Raptus
Ingmar Heytze
Sommige dichters vinden het niet voldoende om een gooi naar de onsterfelijkheid te doen, ze willen ook uitleggen hoe je moet gooien. Ze streven naar een poëtica die zo zuiver en universeel is dat ze voor álle poëzie geldt. Voor deze dichters is niets zo belangrijk als definiëren wat goede poëzie is en wat niet. Zij zoeken naar onderscheid door tegenstellingen te creëren: nieuw versus oud, vent versus vorm, hermetisch versus anekdotisch. Hun grootste vervoering ligt in het even onverzoenlijk als onomstotelijk bewijzen dat de ene stijl van dichten betere gedichten oplevert dan de andere. Het zijn de dichters die, zoals het in Ilja Pfeijffers gedicht ‘Vuurvogel’ heet, ‘heethoofdig samenzweren in een revolutionair café / waar in jeneverdamp een diep doorrookt j'accuse / tegen de gelauwerde canon bijna niet wordt verworpen’. Met bevlogen manifesten timmeren zij handvatten en instructieplaatjes op het glazen ei van de poëzie. We zouden ze ‘duidende dichters’ kunnen noemen.

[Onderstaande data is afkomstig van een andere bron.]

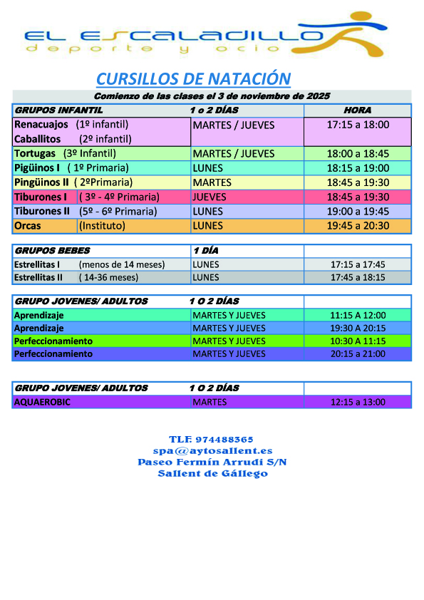 cursillos de natación - Polideportivo El Escaladillo-Aguas Limpias SPA

De classicus Ilja Pfeijffer heeft zich ontpopt als zo'n duidende dichter. Eind vorig jaar hield hij de jongste generatie dichters een lachspiegel voor in het essay ‘De mythe van de verstaanbaarheid’. Dit stuk moest bewijzen dat onbegrijpelijke poëzie altijd beter is dan verstaanbare. Verstaanbare poëzie is plat, eendimensionaal, simplificerend en daarom leugenachtig. Aardig voor op het podium, maar geen grote dichtkunst: ‘puistig provoceren op een popi podium is geen poëzie / want poëzie is geen performance / versterkte taal die niet electrisch vonkt / blijft blubberen als zwakstroom / wie ritme uit een box moet lenen hoopt te zingen / maar hij zingt niet.’ Een goed gedicht zou, volgens Pfeijffer, de ‘inelkaargewikkeldheid’ van de dingen moeten aantonen. Dat het daardoor onbegrijpelijk wordt, lijkt hij eerder nastrevenswaardig dan belemmerend te vinden. ‘Complexe gedichten worden geschreven omdat de werkelijkheid complex is’, aldus de dichter: ‘poëzie is vrezen met groten vreze in een slapeloos kinderbedje / omdat je niet weet of je vergramd hebt / dan wel balkend roos herkauwen en weten dat het lukken zal / te spreken als een mens en sprekend als een mens / in donkere catacomben de geheimste woorden / uit de oude boeken te bezweren dat het lood / van de cirkel volgens de gulden snede / pentagrammatisch in de vijfde essentie vierkant raakt / gequadrateerd en leem begint te ademen op voeten / poëzie is gevaarlijk of zij is geen poëzie’.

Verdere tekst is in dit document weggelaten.